John Pace
  • Home
  • About
  • Contact

​​
​
Data Scientist, husband, father of 3 great daughters, 5x Ironman triathlon finisher, just a normal guy who spent a lot of time in school.
Let’s explore data science, artificial intelligence, machine learning, and other topics together.

Is it really an egg roll?

10/24/2019

0 Comments

 
Picture

Yesterday, I taught a computer vision workshop.  In the section about image classification, I had the attendees train a deep learning model that could correctly classify images of the letters A, B, C, E, and H.  To build the model, they started with another previously trained model.  This is known as "transfer learning."  More specifically, transfer learning is a method where a model developed for a task is reused as the starting point for a model on a second task.  It is an optimization that allows rapid progress or improved performance when modeling the second task.
​
Picture
Examples of some of the letters used to train the models

One of the models that could be used as a starting point had been trained on images of Chinese food.  My colleague, Joe Jurak, Senior Storage Infrastructure Architect at Mark III Systems, asked if his newly trained model for classifying letters could correctly classify images of Chinese food as well, even though it had not included any pictures of Chinese food in the data set. He was in fact starting with a model that had been trained on images of Chinese food so it should be able to identify Chinese food.  Logically, it makes sense, right?  I explained that the pre-trained model of Chinese food he started with was simply the weights and biases that were produced during that initial training and did not include any of the classes - the names of each type of food.  By starting with those weights and biases, training the letter classification model could be sped up and optimized.

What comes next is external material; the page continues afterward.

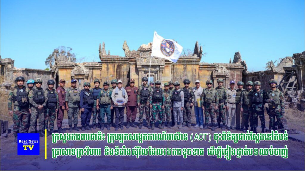 គិតចាប់តាំងពីការចូលជាធរមាននៃបទឈប់បាញ់រវាងកម្ពុជា និងថៃ កាលពីចុងខែធ្នូ ឆ្នាំ២០២៥ មកទល់នឹងថ្ងៃទី១៣ ខែមករា ឆ្នាំ២០២៦ នេះ ក្រុមអ្នកសង្កេតការណ៍អាស៊ាន (AOT) ដោយមានការសម្របសម្រួលពីភាគីកម្ពុជា បានចុះពិនិត្យ ផ្ទៀងផ្ទាត់ និងរាយការណ៍អំពីស្ថានការណ៍ជាក់ស្តែងនៅតាមតំបន់ព្រំដែនសំខាន់ៗ រាប់បញ្ចូលទាំងតំបន់ប្រាសាទព្រះវិហារ និងហេដ្ឋារចនាសម្ព័ន្ធស៊ីវិលដែលរងការខូចខាត។ នេះបើតាមការបញ្ជាក់របស់ លោកជំទាវ ឧត្តមសេនីយ៍ឯក ម៉ាលី សុជាតា អ្នកនាំពាក្យក្រសួងការពារជាតិ នៅថ្ងៃទី១៣ ខែមករា ឆ្នាំ២០២៦ នេះ។

To test what I had said, Joe did the following experiment:
​
  1. Downloaded 5 pictures of egg rolls and labeled them as egg rolls.  There were already 100 pictures of each of the letters in the data set.
  2. Retrained his model to now include 6 classes:  A, B, C, E, H, and egg roll.
  3. Performed inference using a picture of an egg roll.

What Joe found was that when performing the inference using a previously unseen image of an egg roll, the image was correctly classified as an egg roll with high confidence.  Since there were so few images of egg rolls in comparison with the letters, didn't that mean some knowledge of the shape of an egg roll was being conveyed from the pre-trained model?

I had Joe conduct the following experiment to test his hypothesis.  He found a picture of a hot dog, which looks similar to an egg roll, and performed inference on it using his newly trained model.  It was classified as an egg roll with high confidence.  It made sense that it would be classified as an egg roll since it has a similar shape, but the confidence level of the prediction was very high.  It should not have been.  Was it possible that the hot dog was classified as an egg roll because it was the only thing in his data set that looked similar to a hot dog?  He then tried using an image of a dog, something that did not look similar to an egg roll.  To his surprise, it classified the dog as an egg roll with high confidence.  Looking at the heat map that showed which part of the image the model used to determine that it was an egg roll, he discovered that it was the dog's tail that was causing the classification.  Clearly the dog should not have been classified as an egg roll, rather it should not have been classified as anything.  He tried another picture of dog, one without a long tail, and it was not classified as anything.  Thus, the conclusion was that the hot dog and dog with a long tail were being classified as an egg roll because they looked more like an egg roll than a letter, not because the model was using previous information about the characteristics of egg rolls.

This simple experiment underscores a very important principle in data science.  A model can predict something with very high confidence, but be completely incorrect.  Thus, high confidence during inference does not always mean that the model is good.    Conversely, low confidence does not always mean the model is bad.  We may just need more training data or to modify hyperparameters.  We must always go back and do sanity checks on our results instead of just taking it for granted that our model is good or bad.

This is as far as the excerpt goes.